- _Problem to solve_:
With any pictures left out, restate word for word the lines in the listing below from the one holding "시가 : 36,750원, 고가 : 39,500원, 저가 : 36,250원" through the last.

- _Stored data_:
::::
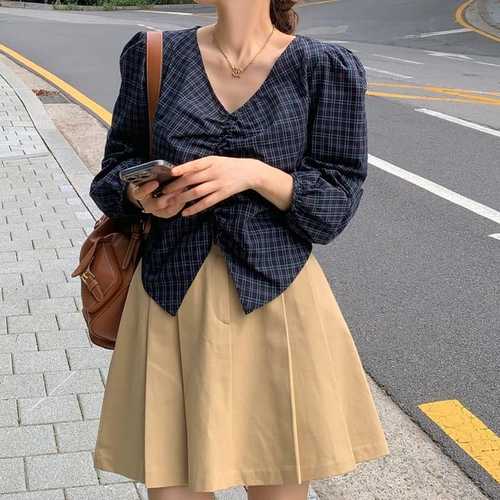 옷자락 / 여성 셔링 브이넥 크롭 블라우스 가을 퍼프소매
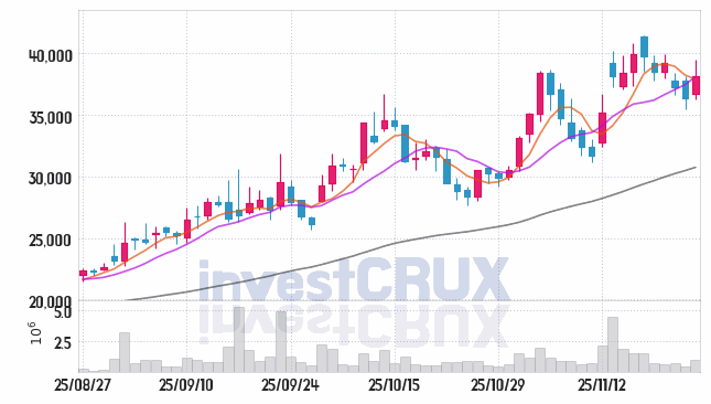 시가 : 36,750원, 고가 : 39,500원, 저가 : 36,250원
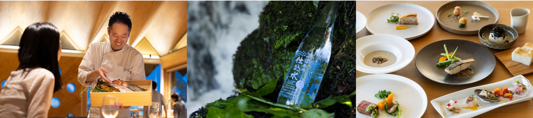 “つくる”ことから始まる食の営みは、レストランにおいて“料理として表現する”ことで体験へとつながります。当館では2025年10月よりディナーコースを刷新し、「水と米」にフォーカスした新たなガストロノミーの提供を開始しました。
::::
- _Answer section_:
 시가 : 36,750원, 고가 : 39,500원, 저가 : 36,250원
 “つくる”ことから始まる食の営みは、レストランにおいて“料理として表現する”ことで体験へとつながります。当館では2025年10月よりディナーコースを刷新し、「水と米」にフォーカスした新たなガストロノミーの提供を開始しました。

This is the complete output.